+++ Data records
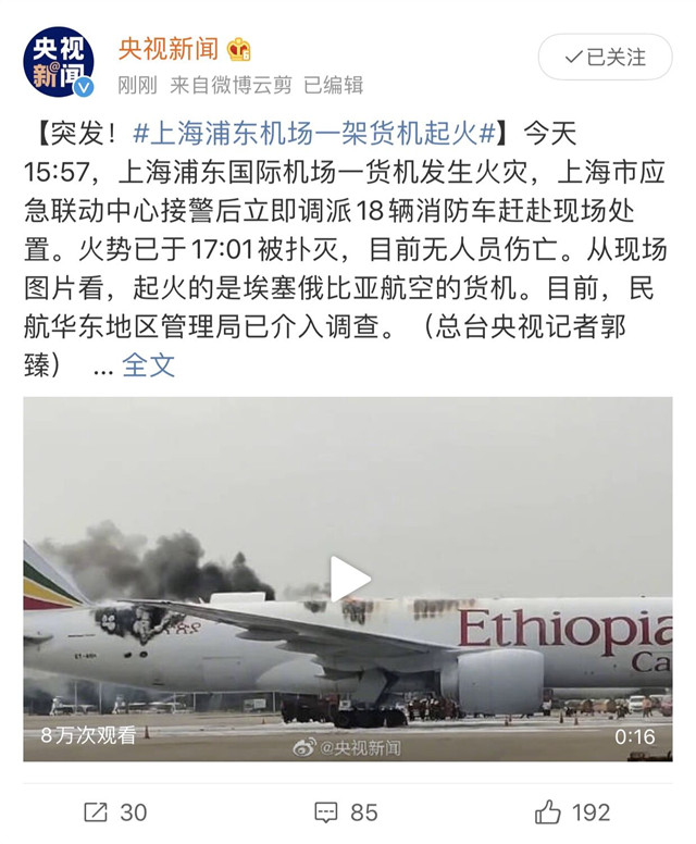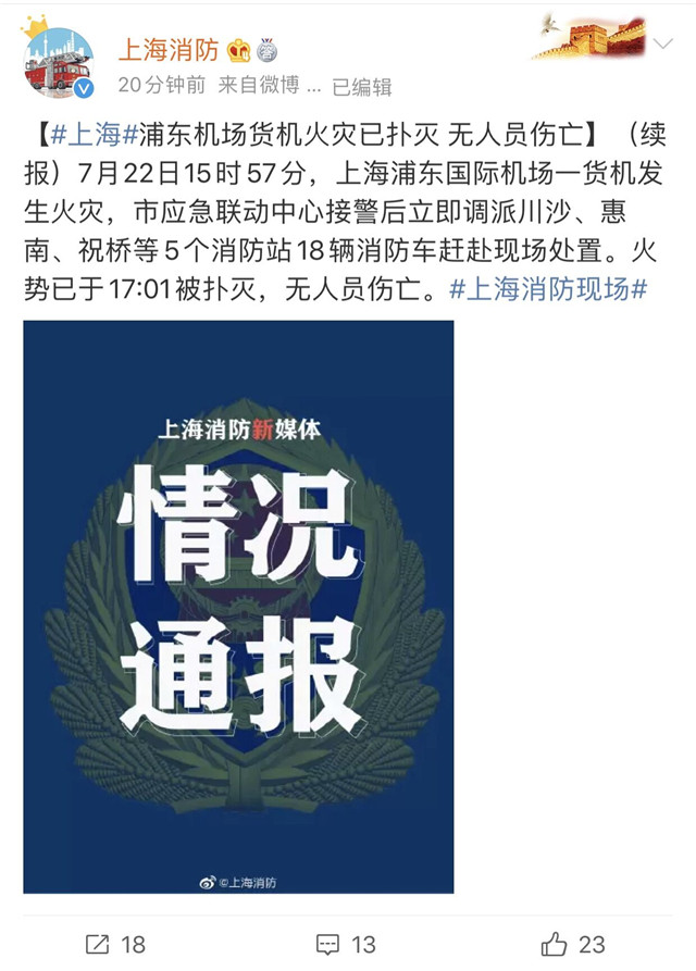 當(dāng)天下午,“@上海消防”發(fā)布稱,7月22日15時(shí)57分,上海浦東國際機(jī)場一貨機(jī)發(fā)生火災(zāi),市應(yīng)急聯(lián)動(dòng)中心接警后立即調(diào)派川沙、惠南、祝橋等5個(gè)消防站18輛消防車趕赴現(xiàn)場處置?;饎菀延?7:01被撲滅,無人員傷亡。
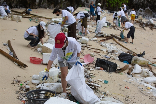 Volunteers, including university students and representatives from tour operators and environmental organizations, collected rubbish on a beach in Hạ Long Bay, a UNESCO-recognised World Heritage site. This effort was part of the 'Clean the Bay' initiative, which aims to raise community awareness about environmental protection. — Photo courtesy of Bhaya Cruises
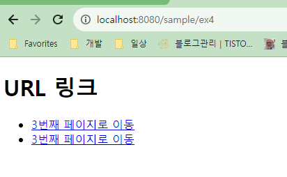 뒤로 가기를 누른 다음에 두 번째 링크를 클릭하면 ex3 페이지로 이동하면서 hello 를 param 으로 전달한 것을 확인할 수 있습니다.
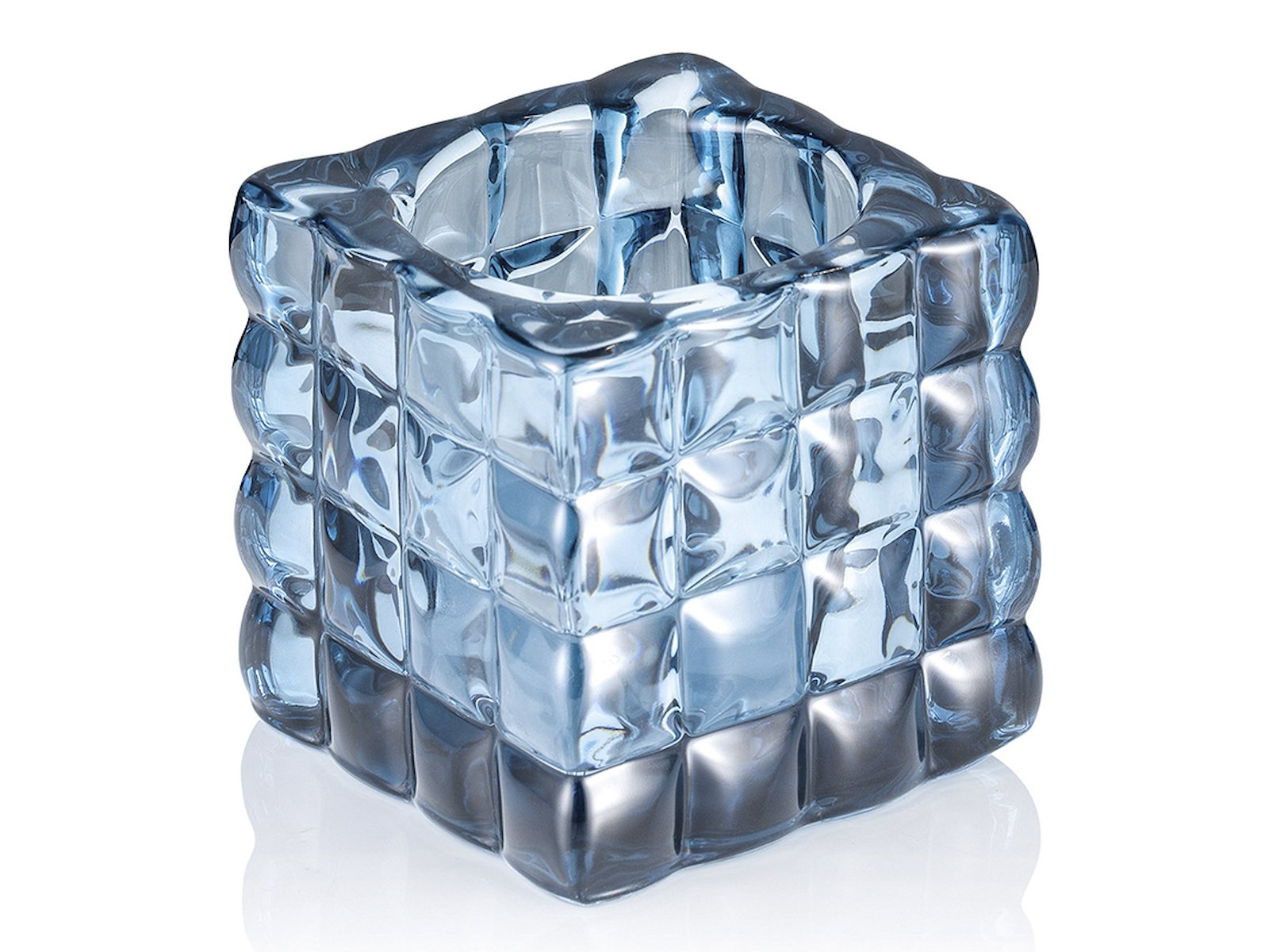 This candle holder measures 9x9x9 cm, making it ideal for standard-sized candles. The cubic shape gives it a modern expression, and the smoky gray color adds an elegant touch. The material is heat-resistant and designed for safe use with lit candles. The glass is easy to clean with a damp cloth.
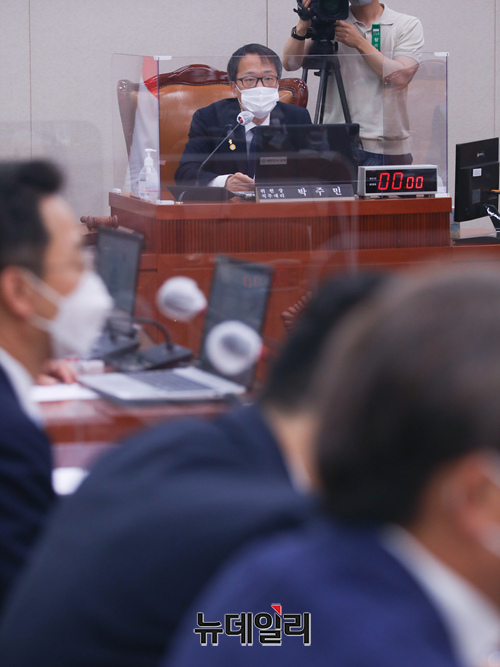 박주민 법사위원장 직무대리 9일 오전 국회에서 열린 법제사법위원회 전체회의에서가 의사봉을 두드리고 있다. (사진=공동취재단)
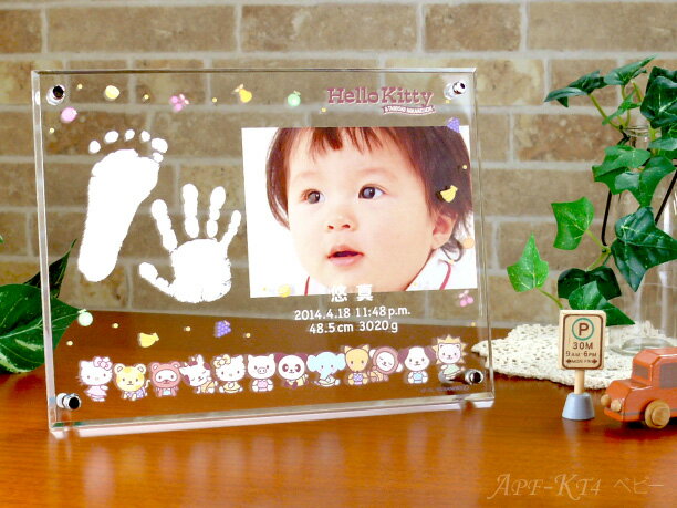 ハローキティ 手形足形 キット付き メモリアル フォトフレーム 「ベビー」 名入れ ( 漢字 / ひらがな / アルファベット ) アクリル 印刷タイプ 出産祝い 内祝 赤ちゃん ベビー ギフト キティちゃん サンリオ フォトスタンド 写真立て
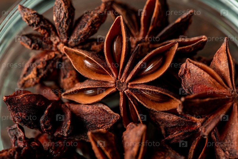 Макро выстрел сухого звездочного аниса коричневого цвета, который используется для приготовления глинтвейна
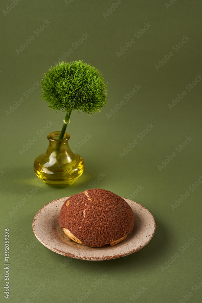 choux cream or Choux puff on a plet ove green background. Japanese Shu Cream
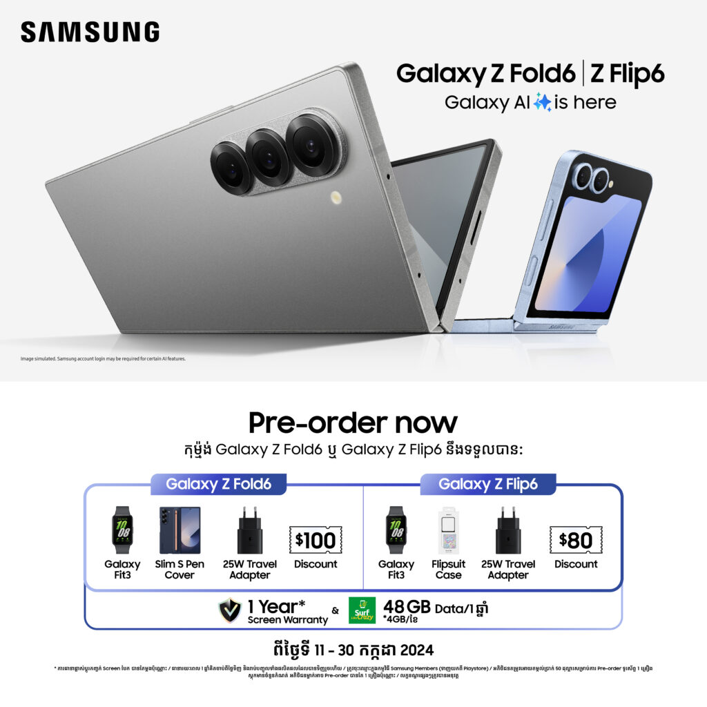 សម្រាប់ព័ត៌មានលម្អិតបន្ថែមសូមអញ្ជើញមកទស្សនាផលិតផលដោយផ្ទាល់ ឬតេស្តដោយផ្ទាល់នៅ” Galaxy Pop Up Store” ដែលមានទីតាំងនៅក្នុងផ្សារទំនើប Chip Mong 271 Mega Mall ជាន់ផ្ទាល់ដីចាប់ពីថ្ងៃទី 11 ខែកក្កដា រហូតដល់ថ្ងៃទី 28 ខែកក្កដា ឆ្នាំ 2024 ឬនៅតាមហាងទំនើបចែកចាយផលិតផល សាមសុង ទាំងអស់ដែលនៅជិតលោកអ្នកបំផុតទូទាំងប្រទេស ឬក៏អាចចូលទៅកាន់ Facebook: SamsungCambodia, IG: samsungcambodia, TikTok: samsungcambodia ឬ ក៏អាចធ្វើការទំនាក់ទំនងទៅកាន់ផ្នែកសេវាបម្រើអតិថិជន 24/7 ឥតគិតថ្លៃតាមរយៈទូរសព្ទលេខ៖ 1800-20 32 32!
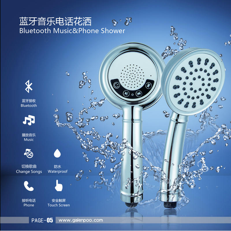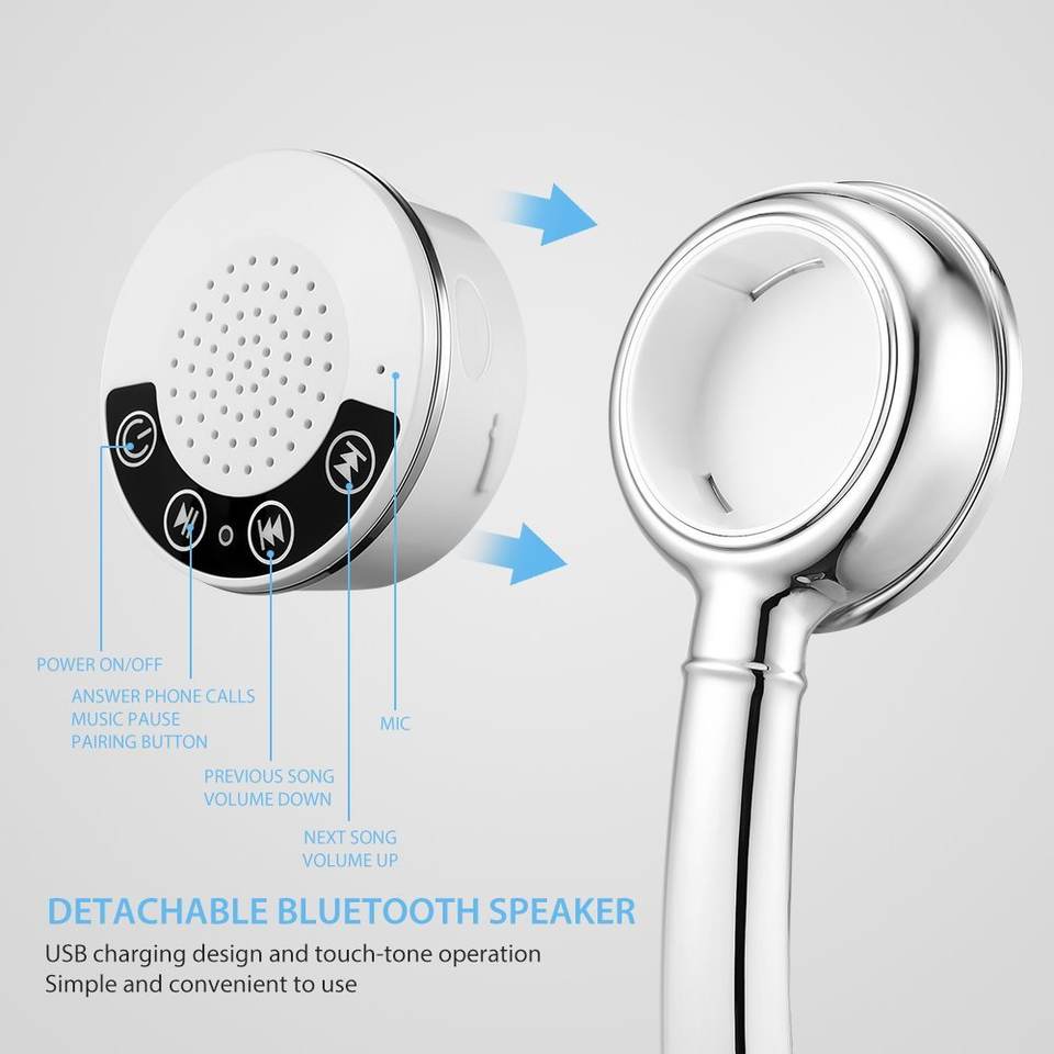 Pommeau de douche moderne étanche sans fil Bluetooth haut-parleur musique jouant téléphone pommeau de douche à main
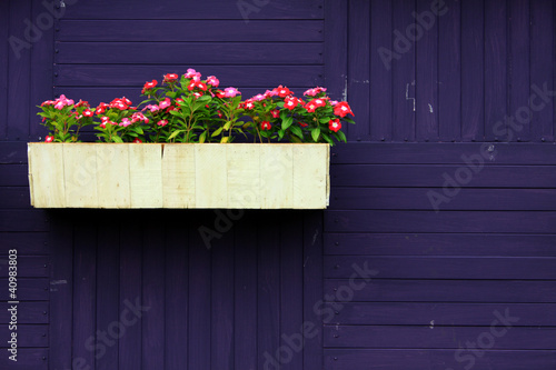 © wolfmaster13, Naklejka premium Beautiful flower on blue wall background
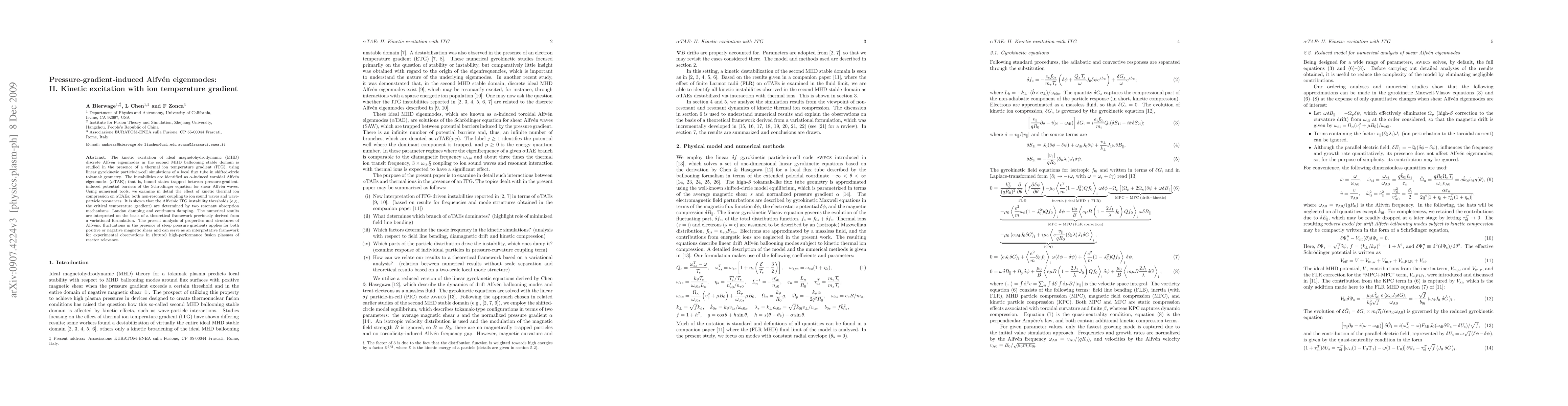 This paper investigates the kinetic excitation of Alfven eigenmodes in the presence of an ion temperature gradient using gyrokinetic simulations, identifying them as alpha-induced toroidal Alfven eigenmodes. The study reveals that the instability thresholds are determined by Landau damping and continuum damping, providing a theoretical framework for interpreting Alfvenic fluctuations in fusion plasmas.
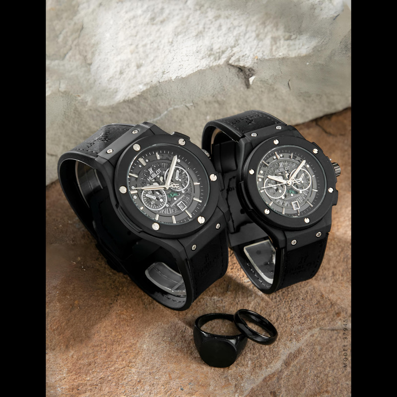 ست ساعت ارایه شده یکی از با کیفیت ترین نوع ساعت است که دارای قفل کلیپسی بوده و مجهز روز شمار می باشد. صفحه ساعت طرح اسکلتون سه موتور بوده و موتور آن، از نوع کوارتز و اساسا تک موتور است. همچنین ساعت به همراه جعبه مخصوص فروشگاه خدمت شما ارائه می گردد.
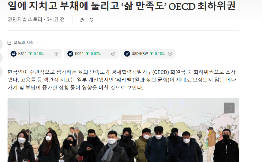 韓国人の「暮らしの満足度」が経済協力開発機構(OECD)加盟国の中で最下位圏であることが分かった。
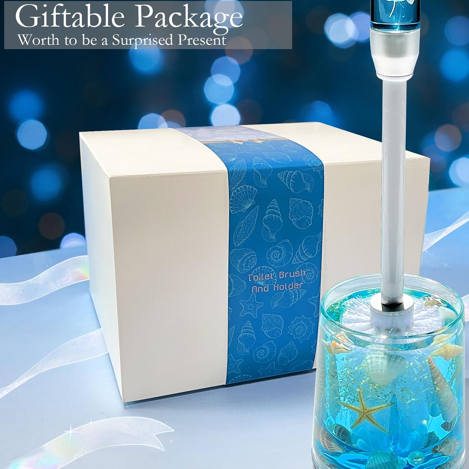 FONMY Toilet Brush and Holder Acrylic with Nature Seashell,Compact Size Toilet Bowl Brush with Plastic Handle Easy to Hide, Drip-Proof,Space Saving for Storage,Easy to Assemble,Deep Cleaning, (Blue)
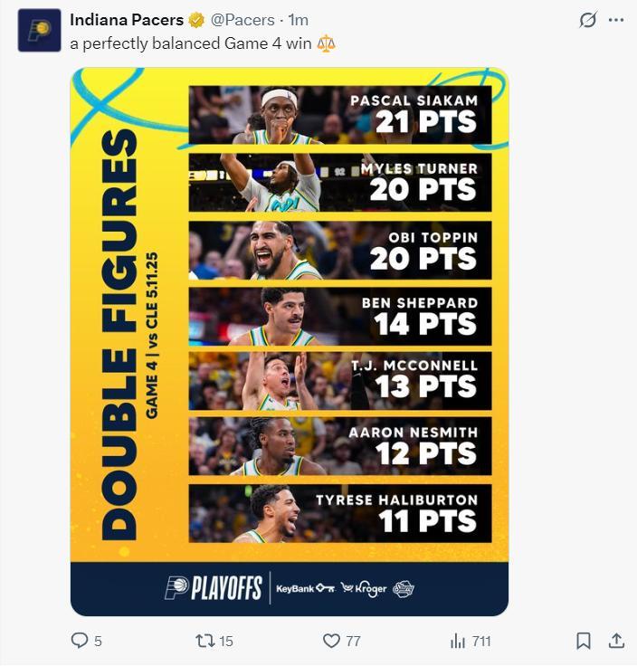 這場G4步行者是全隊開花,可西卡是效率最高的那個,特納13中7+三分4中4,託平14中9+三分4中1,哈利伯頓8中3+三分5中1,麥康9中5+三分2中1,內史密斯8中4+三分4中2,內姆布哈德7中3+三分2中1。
++++++
* Problem to solve
Reproduce the listing above exactly, but skip the pictures.

* Problem solution
 當(dāng)天下午,“@上海消防”發(fā)布稱,7月22日15時(shí)57分,上海浦東國際機(jī)場一貨機(jī)發(fā)生火災(zāi),市應(yīng)急聯(lián)動(dòng)中心接警后立即調(diào)派川沙、惠南、祝橋等5個(gè)消防站18輛消防車趕赴現(xiàn)場處置?;饎菀延?7:01被撲滅,無人員傷亡。
 Volunteers, including university students and representatives from tour operators and environmental organizations, collected rubbish on a beach in Hạ Long Bay, a UNESCO-recognised World Heritage site. This effort was part of the 'Clean the Bay' initiative, which aims to raise community awareness about environmental protection. — Photo courtesy of Bhaya Cruises
 뒤로 가기를 누른 다음에 두 번째 링크를 클릭하면 ex3 페이지로 이동하면서 hello 를 param 으로 전달한 것을 확인할 수 있습니다.
 This candle holder measures 9x9x9 cm, making it ideal for standard-sized candles. The cubic shape gives it a modern expression, and the smoky gray color adds an elegant touch. The material is heat-resistant and designed for safe use with lit candles. The glass is easy to clean with a damp cloth.
 박주민 법사위원장 직무대리 9일 오전 국회에서 열린 법제사법위원회 전체회의에서가 의사봉을 두드리고 있다. (사진=공동취재단)
 ハローキティ 手形足形 キット付き メモリアル フォトフレーム 「ベビー」 名入れ ( 漢字 / ひらがな / アルファベット ) アクリル 印刷タイプ 出産祝い 内祝 赤ちゃん ベビー ギフト キティちゃん サンリオ フォトスタンド 写真立て
 Макро выстрел сухого звездочного аниса коричневого цвета, который используется для приготовления глинтвейна
 choux cream or Choux puff on a plet ove green background. Japanese Shu Cream
 សម្រាប់ព័ត៌មានលម្អិតបន្ថែមសូមអញ្ជើញមកទស្សនាផលិតផលដោយផ្ទាល់ ឬតេស្តដោយផ្ទាល់នៅ” Galaxy Pop Up Store” ដែលមានទីតាំងនៅក្នុងផ្សារទំនើប Chip Mong 271 Mega Mall ជាន់ផ្ទាល់ដីចាប់ពីថ្ងៃទី 11 ខែកក្កដា រហូតដល់ថ្ងៃទី 28 ខែកក្កដា ឆ្នាំ 2024 ឬនៅតាមហាងទំនើបចែកចាយផលិតផល សាមសុង ទាំងអស់ដែលនៅជិតលោកអ្នកបំផុតទូទាំងប្រទេស ឬក៏អាចចូលទៅកាន់ Facebook: SamsungCambodia, IG: samsungcambodia, TikTok: samsungcambodia ឬ ក៏អាចធ្វើការទំនាក់ទំនងទៅកាន់ផ្នែកសេវាបម្រើអតិថិជន 24/7 ឥតគិតថ្លៃតាមរយៈទូរសព្ទលេខ៖ 1800-20 32 32!
 Pommeau de douche moderne étanche sans fil Bluetooth haut-parleur musique jouant téléphone pommeau de douche à main
 © wolfmaster13, Naklejka premium Beautiful flower on blue wall background
 This paper investigates the kinetic excitation of Alfven eigenmodes in the presence of an ion temperature gradient using gyrokinetic simulations, identifying them as alpha-induced toroidal Alfven eigenmodes. The study reveals that the instability thresholds are determined by Landau damping and continuum damping, providing a theoretical framework for interpreting Alfvenic fluctuations in fusion plasmas.
 ست ساعت ارایه شده یکی از با کیفیت ترین نوع ساعت است که دارای قفل کلیپسی بوده و مجهز روز شمار می باشد. صفحه ساعت طرح اسکلتون سه موتور بوده و موتور آن، از نوع کوارتز و اساسا تک موتور است. همچنین ساعت به همراه جعبه مخصوص فروشگاه خدمت شما ارائه می گردد.
 韓国人の「暮らしの満足度」が経済協力開発機構(OECD)加盟国の中で最下位圏であることが分かった。
 FONMY Toilet Brush and Holder Acrylic with Nature Seashell,Compact Size Toilet Bowl Brush with Plastic Handle Easy to Hide, Drip-Proof,Space Saving for Storage,Easy to Assemble,Deep Cleaning, (Blue)
 這場G4步行者是全隊開花,可西卡是效率最高的那個,特納13中7+三分4中4,託平14中9+三分4中1,哈利伯頓8中3+三分5中1,麥康9中5+三分2中1,內史密斯8中4+三分4中2,內姆布哈德7中3+三分2中1。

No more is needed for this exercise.